[Task goal] From first line to last, transcribe the listing exactly and skip any image.

[Dataset section]
☆ ☆ ☆ ☆ ☆ ☆ ☆

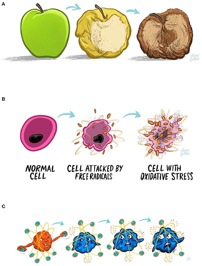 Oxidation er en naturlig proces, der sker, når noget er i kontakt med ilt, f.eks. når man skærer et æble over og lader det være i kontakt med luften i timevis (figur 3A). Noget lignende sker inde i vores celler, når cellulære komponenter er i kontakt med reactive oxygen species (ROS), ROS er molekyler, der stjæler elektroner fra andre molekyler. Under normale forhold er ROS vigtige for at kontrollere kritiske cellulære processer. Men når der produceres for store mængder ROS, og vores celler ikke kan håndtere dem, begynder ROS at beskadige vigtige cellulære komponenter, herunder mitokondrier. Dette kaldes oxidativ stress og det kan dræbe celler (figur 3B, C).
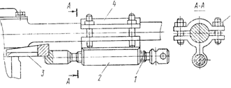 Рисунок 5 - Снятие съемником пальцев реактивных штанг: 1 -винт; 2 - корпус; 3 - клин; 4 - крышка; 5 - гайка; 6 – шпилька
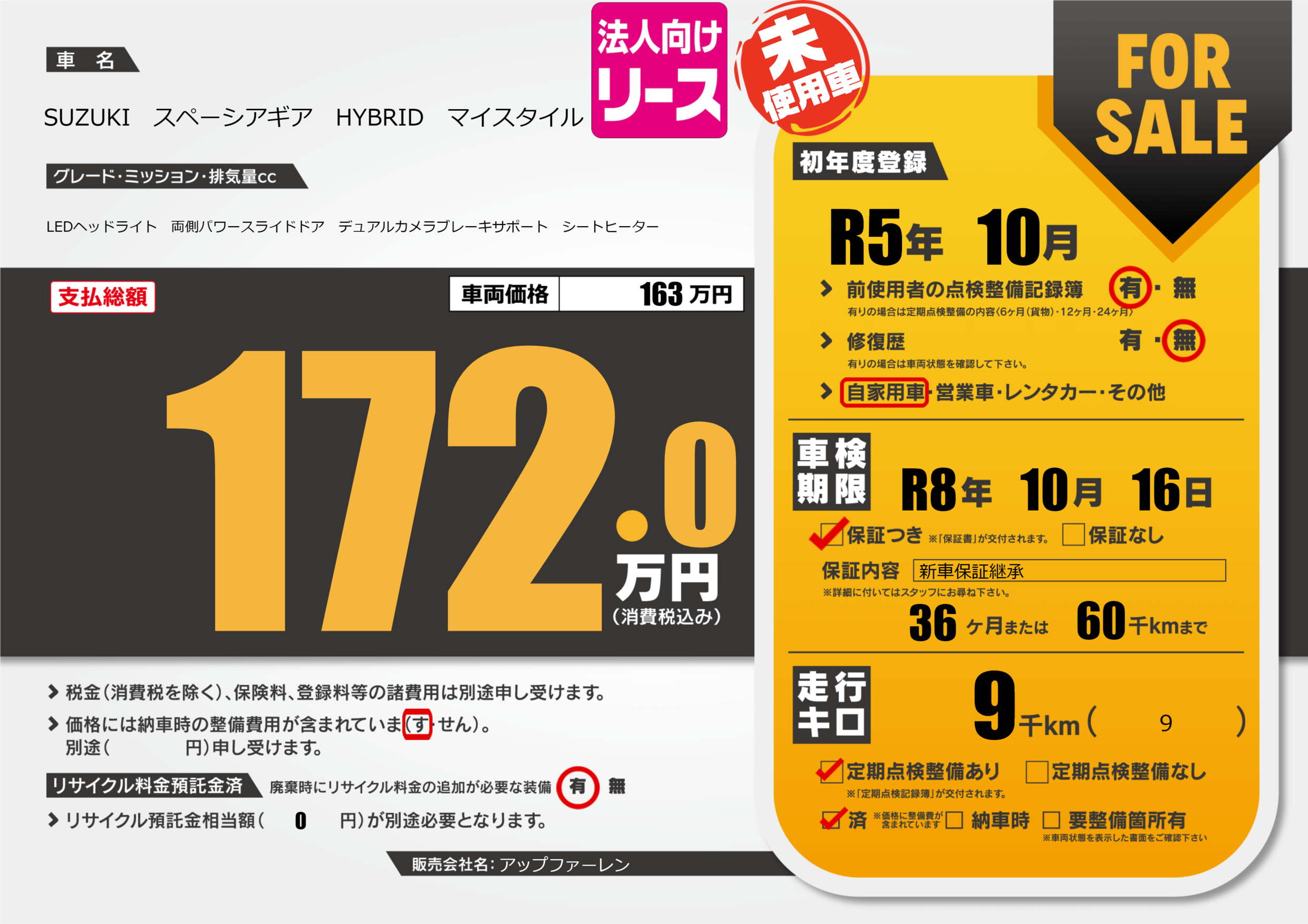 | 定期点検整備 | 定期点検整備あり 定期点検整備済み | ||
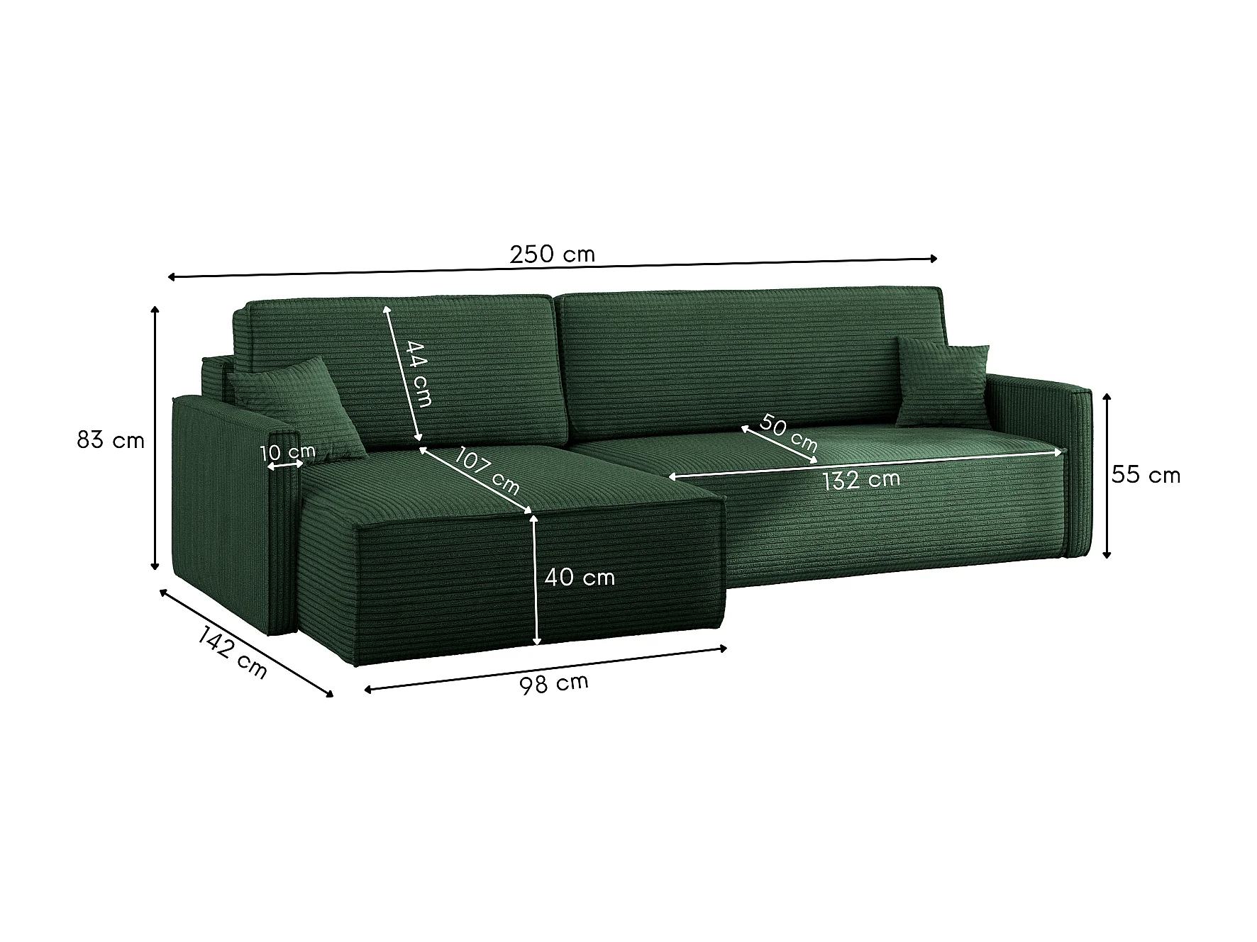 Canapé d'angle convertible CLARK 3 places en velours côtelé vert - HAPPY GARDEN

☆ ☆ ☆ ☆ ☆ ☆ ☆

[Answer]
 Oxidation er en naturlig proces, der sker, når noget er i kontakt med ilt, f.eks. når man skærer et æble over og lader det være i kontakt med luften i timevis (figur 3A). Noget lignende sker inde i vores celler, når cellulære komponenter er i kontakt med reactive oxygen species (ROS), ROS er molekyler, der stjæler elektroner fra andre molekyler. Under normale forhold er ROS vigtige for at kontrollere kritiske cellulære processer. Men når der produceres for store mængder ROS, og vores celler ikke kan håndtere dem, begynder ROS at beskadige vigtige cellulære komponenter, herunder mitokondrier. Dette kaldes oxidativ stress og det kan dræbe celler (figur 3B, C).
 Рисунок 5 - Снятие съемником пальцев реактивных штанг: 1 -винт; 2 - корпус; 3 - клин; 4 - крышка; 5 - гайка; 6 – шпилька
 | 定期点検整備 | 定期点検整備あり 定期点検整備済み | ||
 Canapé d'angle convertible CLARK 3 places en velours côtelé vert - HAPPY GARDEN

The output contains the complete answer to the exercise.